To further provide for the desired strength and fracture toughness necessary to the final product and to the operations in forming that product, the product should be rapidly quenched to prevent or minimize uncontrolled precipitation of strengthening phases referred to herein later. Thus, it is preferred in the practice of the present invention that the quenching rate be at least 100° F. per second from solution temperature to a temperature of about 200° F. or lower. A preferred quenching rate is at least 200° F. per second in the temperature range of 900° F. or more to 200° F. or less. After the metal has reached a temperature of about 200° F., it may then be air cooled. When the alloy of the invention is slab cast or roll cast, for example, it may be possible to omit some or all of the steps referred to hereinabove, and such is contemplated within the purview of the invention.
After solution heat treatment and quenching as noted herein, the improved sheet, plate or extrusion and other wrought products can have a range of yield strength from about 25 to 50 ksi and a level of fracture toughness in the range of about 50 to 150 ksi in. However, with the use of artificial aging to improve strength, fracture toughness can drop considerably. To minimize the loss in fracture toughness associated in the past with improvement in strength, it has been discovered that the solution heat treated and quenched alloy product, particularly sheet, plate or extrusion, must be stretched, preferably at room temperature, an amount greater than 3% of its original length or otherwise worked or deformed to impart to the product a working effect equivalent to stretching greater than 3% of its original length. The working effect referred to is meant to include rolling and forging as well as other working operations. It has been discovered that the strength of sheet or plate, for example, of the subject alloy can be increased substantially by stretching prior to artificial aging, and such stretching causes little or no decrease in fracture toughness. It will be appreciated that in comparable high strength alloys, stretching can produce a significant drop in fracture toughness. Stretching AA7050 reduces both toughness and strength, as shown in FIG. 5, taken from the reference by J. T. Staley, mentioned previously. Similar toughness-strength data for AA2024 are shown in FIG. 6. For AA2024, stretching 2% increases the combination of toughness and strength over that obtained without stretching; however, further stretching does not provide any substantial increases in toughness. Therefore, when considering the toughness-strength relationship, it is of little benefit to stretch AA2024 more than 2%, and it is detrimental to stretch AA7050. In contrast, when stretching or its equivalent is combined with artificial aging, an alloy product in accordance with the present invention can be obtained having significantly increased combinations of fracture toughness and strength.

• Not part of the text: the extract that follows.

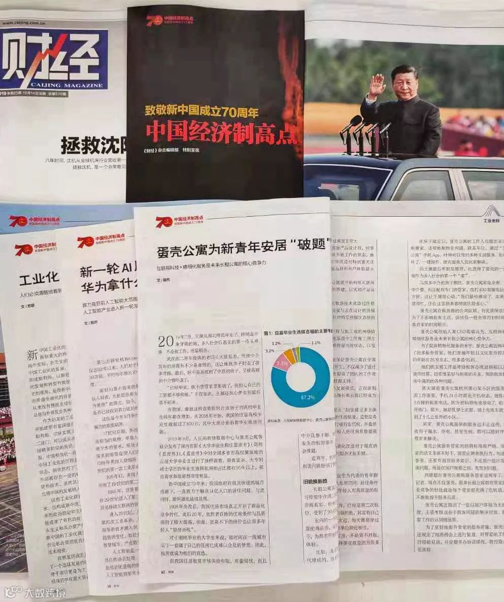 在 10 月 14 日出版的 2019 年第 23 期《财经》杂志中,《蛋壳公寓为新青年安居破题》文章登上这份承载 70 年改革变迁的厚重文本。蛋壳公寓是中国知名的互联网长租公寓运营商,致力于用互联网方式改造传统的住房租赁行业。

While the inventors do not necessarily wish to be bound by any theory of invention, it is believed that deformation or working, such as stretching, applied after solution heat treating and quenching, results in a more uniform distribution of lithium-containing metastable precipitates after artificial aging. These metastable precipitates are believed to occur as a result of the introduction of a high density of defects (dislocations, vacancies, vacancy clusters, etc.) which can act as preferential nucleation sites for these precipitating phases (such as T1 ', a precursor of the Al2 CuLi phase) throughout each grain. Additionally, it is believed that this practice inhibits nucleation of both metastable and equilibrium phases such as Al3 Li, AlLi, Al2 CuLi and Al5 CuLi3 at grain and sub-grain boundaries. Also, it is believed that the combination of enhanced uniform precipitation throughout each grain and decreased grain boundary precipitation results in the observed higher combination of strength and fracture toughness in aluminum-lithium alloys worked or deformed as by stretching, for example, prior to final aging.
In the case of sheet or plate, for example, it is preferred that stretching or equivalent working is greater than 3% and less than 14%. Further, it is preferred that stretching be in the range of about a 4 to 12% increase over the original length with typical increases being in the range of 5 to 8%.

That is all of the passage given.